The free-swinging start of Adrian Beltre
|04.10.10 at 11:42 am ET|
On the one hand, Adrian Beltre has five hits in his first 15 at-bats, good for a .333 average that suggests a nice start to his Red Sox career – particularly given that he played a key role in the Sox’ only win of the year. But beyond that, his offensive approach has seemed a curious one.
It is not just that Adrian Beltre has yet to take a walk in his 16 plate appearances this year. He hasn’t come close.

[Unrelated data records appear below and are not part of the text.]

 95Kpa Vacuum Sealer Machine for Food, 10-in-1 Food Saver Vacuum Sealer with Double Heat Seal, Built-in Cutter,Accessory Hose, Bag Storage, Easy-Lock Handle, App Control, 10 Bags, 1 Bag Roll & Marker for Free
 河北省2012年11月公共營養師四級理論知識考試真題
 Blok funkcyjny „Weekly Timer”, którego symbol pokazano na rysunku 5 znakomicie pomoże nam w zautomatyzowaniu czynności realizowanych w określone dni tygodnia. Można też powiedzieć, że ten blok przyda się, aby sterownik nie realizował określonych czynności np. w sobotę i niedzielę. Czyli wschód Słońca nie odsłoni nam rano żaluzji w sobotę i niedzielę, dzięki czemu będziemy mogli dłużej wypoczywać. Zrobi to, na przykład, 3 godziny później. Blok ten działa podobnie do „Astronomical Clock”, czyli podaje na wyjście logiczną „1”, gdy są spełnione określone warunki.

He has yet to reach a three-balls count this year. In his fourth at-bat in Friday’s 4-3 loss to the Royals, he lined a single into center on a 2-0 pitch – just the second time he’s gotten to a two-balls count this year.
Here is the rather amazing breakdown of the counts when he put a ball in play thus far this year:
0-0 count – 3
0-1 count – 3
0-2 count – 1
1-0 count – 2
1-1 count – 1
1-2 count – 4
2-0 count – 1
2-2 count – 1
Beltre is now averaging just 2.69 pitches per plate appearance, third fewest in the majors.

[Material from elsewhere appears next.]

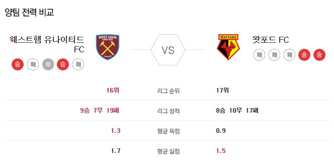 왓포드는 현재 리그 17위에 위치해 있으며 직전 경기에서 까다로운 상대인 뉴캐슬을 상대로 2:1 승리를 가져오며 시즌막판 2연승을 하여 잔류를 갈망하고 있습니다. 올 시즌 전체 전적은 8승 10무 17패 승점 34점을 기록하고 있습니다. 최근 원정 경기에서는 하락세를 벗어나지 못하고 무려 6연패의 부진에 빠져 있습니다. 또한 주요 득점원인 트로이가 무릎 부상으로 인해 출전이 어려울 것으로 보여 공격력에 적지 않은 영향력을 끼칠 것으로 보입니다. 직전 경기에서 2득점을 만들어 냈지만 두 골 모두 페널티킥으로 만들어 냈습니다. 왓포드가 페널티킥 득점을 제외한 전체적인 공격력에서는 다소 아쉬운 모습을 보이고 있어 공격 라인에 변화가 절실히 필요해 보입니다. 웨스트햄과의 팀 전력에서 왓포드가 다소 부족한 것이 사실이며 여기에 최근 경기력이 떨어지는 공격의 모습을 보이고 있기 때문에 앞서 언급한 대책을 만들어 내지 못한다면 왓포드는 웨스트햄에게 패배할 가능성이 매우 높아 보입니다.

It is, of course, far too early to make sweeping assessments of what kind of a hitter he is, and whether this has simply been an unusually aggressive period. J.D. Drew, after all, had not walked in the first three games of the season against the Yankees. Beltre’s 3.77 pitches per plate appearance in his career is actually slightly more than the big league average (3.75) during his time. It is also important to note that he has been making repeated solid contact, with multiple warning track flyballs that have offered a glimpse of his power potential.
Even so, his on-base percentage has been below league average in 10 of his 13 seasons in the majors. And thus far — again, in an incredibly brief sample of games — he has shown a willingness to expand the strike zone with an aggressive approach that has been atypical for the Red Sox lineup under Theo Epstein.
It has also been noteworthy to see where Beltre has hit the ball on the field. He has put 14 balls in play this season, and all but two of those have been either up the middle or to the opposite field.
While there was some expectation that he would benefit significantly from relocating from Safeco (a frustrating environment for right-handers) to Fenway, Beltre suggests that his best power stroke is gap to gap. He crushed a flyball just in front of the bullpen in right-center during the Yankees series. The ball might have been off or over the wall in other parks, a reminder that his new home does not guarantee an offensive boost.
Beltre reflected on that fact in his interview on Friday’s pre-game show.
“Normally, when I’m going right, my balls are right-center to left-center. According to Fenway, that’s not probably the best spot. Hopefully this summer, those balls I hit to the wall might be a little farther than that.”